Extracting images by attribute from CelebA

I am trying to extract only the male images from the pytorch CelebA dataset. In the document it says to pass the torchvision.datasets.CelebA command with the target_type argument. I am confused about how to specify this value to extract only the male images.

For reference the male attribute is 20 and in the .csv file, 1 indicates male and -1 indicates female.

I think you can pass an int or a list of ints to the target_type so that the created Dataset returns the desired target values. In your case you would pass 20 to get the gender attribute.
Once this is done, you could collect the targets for all samples and filter them out using your condition (e.g. only “male” targets). Once this is done you could then compute the indices of all “male” samples and pass them to a Subset to only yield these samples.

Thanks! I seem to be running into a download error for the dataset, is there any way to fix this?

This is the error: RuntimeError: The daily quota of the file img_align_celeba.zip is exceeded and it can't be downloaded. This is a limitation of Google Drive and can only be overcome by trying again later.

It seems this issue is created by the hosting of the dataset itself and you could try to download it using other mirrors.

Ok! I actually downloaded the dataset to my local machine, however, I don’t think I can still use the torchvision.datasets command with the target_type argument. In this case, how would I filter the images using the attribute?

Here’s how I solved this:

As suggested earlier, I downloaded the dataset from the other mirrors and created a Dataset class object

class MaleFacesDataset(Dataset):
    def __init__(self, csv_file, root_dir, transform):
        self.landmarks_frame = pd.read_csv(csv_file)
        self.root_dir = root_dir
        self.transform = transform

    def __len__(self):
        return len(self.landmarks_frame)

    def __getitem__(self, idx):


        if torch.is_tensor(idx):
            idx = idx.tolist()

        img_name = os.path.join(self.root_dir,
                                self.landmarks_frame.iloc[idx, 0])

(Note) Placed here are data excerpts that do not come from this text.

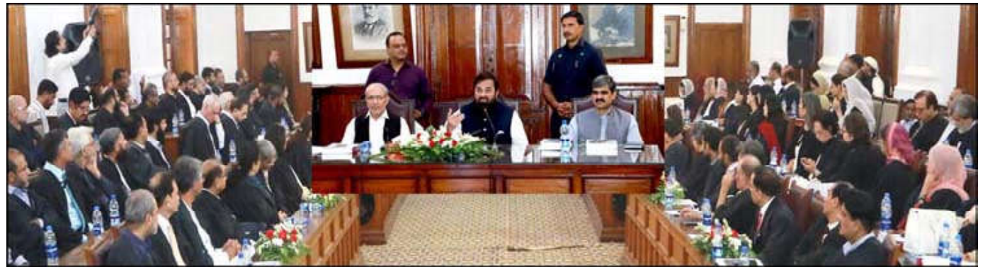
LAHORE: Chancellor/Punjab Governor, Muhammad Balighur Rehman presides over the 360 th meeting of Punjab University Senate in Old Campus.
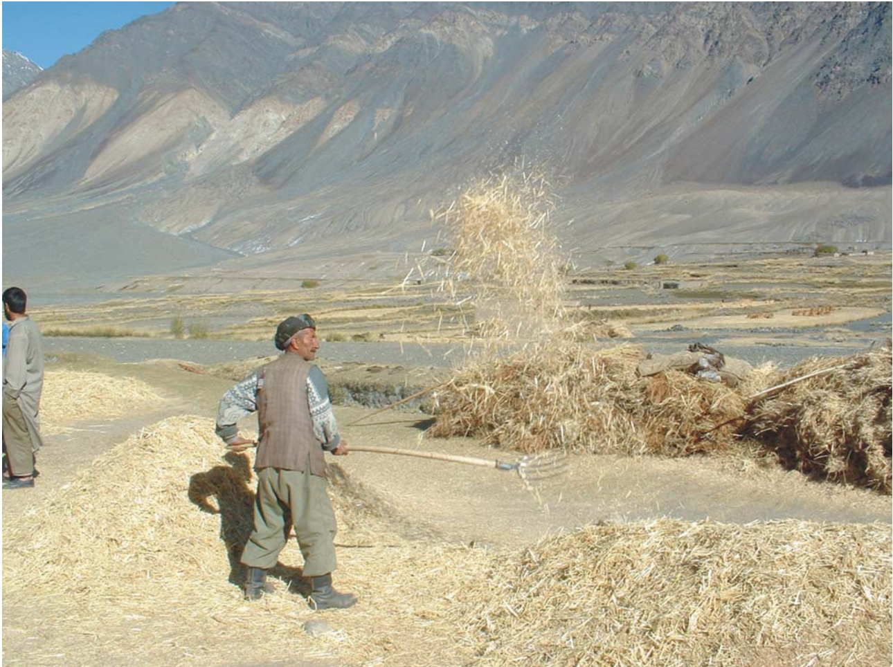
Man winnowing wheat in Wakhan valley

ally, the harvest did not look bad, although farmers, as everywhere, were being cautious about predicting their yields until they had completed threshing. Little if any chemical fertilizer is used here, and there was little evidence of any recent successful introductions of improved, better-yielding varieties. In fact, farmers spoken to in four different villages in the main Wakhan strip complained that recent introductions of 'improved' wheat seed ( fokhm-e-islahi ) by FOCUS had not been a success.
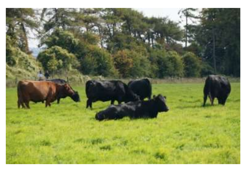
Expectant mums in arable reversion field

2016 is the half way point in the Higher Level Stewardship scheme, which the Council operates on the Common. Grazing is a crucial part of the management. It is going well with the herd size being effectively at a sustainable level although there is always more to learn about how the herd plays its part in management of
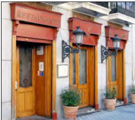
Restaurante Balzac, Moreto, 7, behind the Prado

Dining near the AC Palacio del Retiro: Nicolás, Dassa Bassa, Ramsés, Le Dragon, La Cesta de Recoletos, Kabuki Wellington, Goizeko Wellington (Basque), Harina (breakfast & tea), Horcher (3 Repsol suns), Viridiana, Asador Frontón III (steaks), Harina (breakfast & tea), and Balzac.
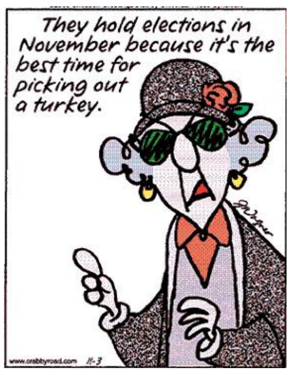
REMEMBER TO PICK YOURS - VOTE NOV. 6!
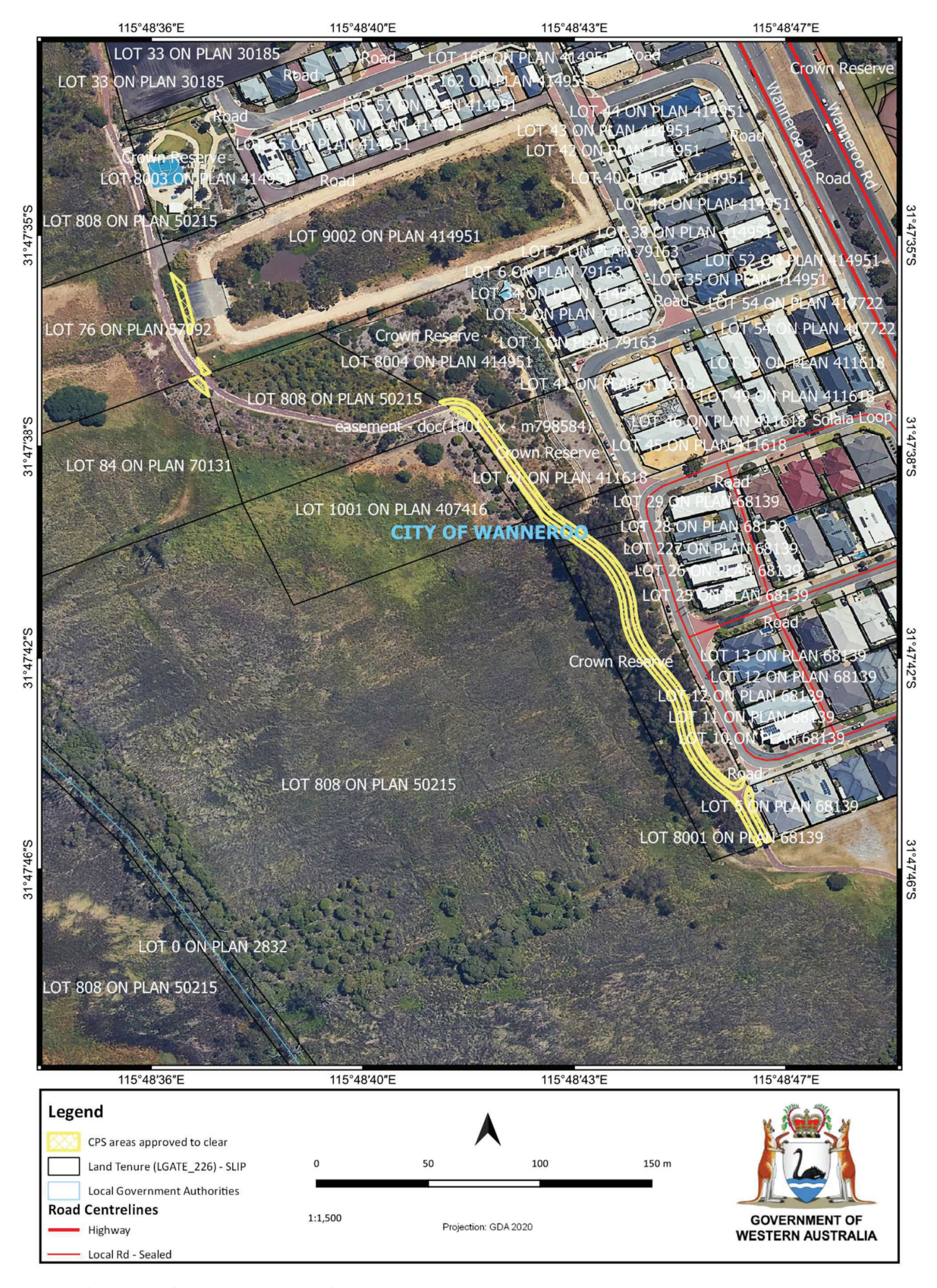
Figure 2: Map of the boundary of the area within which clearing may occur

        image = io.imread(img_name)

        sample = image

        sample = Image.fromarray(np.uint8(sample)).convert('RGB')

        if self.transform:
            sample = self.transform(sample)

        return sample

Then I created an instance of this object

male_dataset = MaleFacesDataset(csv_file = 'csv file dir', 
                                root_dir= 'root dir')

As suggested earlier, I then extracted the indices of the male images as follows

landmarks_frame = pd.read_csv('attribute file dir')                 # read the csv file with attributes
male_images_list  = landmarks_frame.iloc[:,20]                    # extract the column with gender attributes
male_images_list =  male_images_list[male_images_list == 1]     # select only the indices for male (attribute val = 1)
male_images_index = male_images_list.index      # corresponding image indices

And finally, I created a subset of my original dataset using

Subset(male_dataset, male_images_index)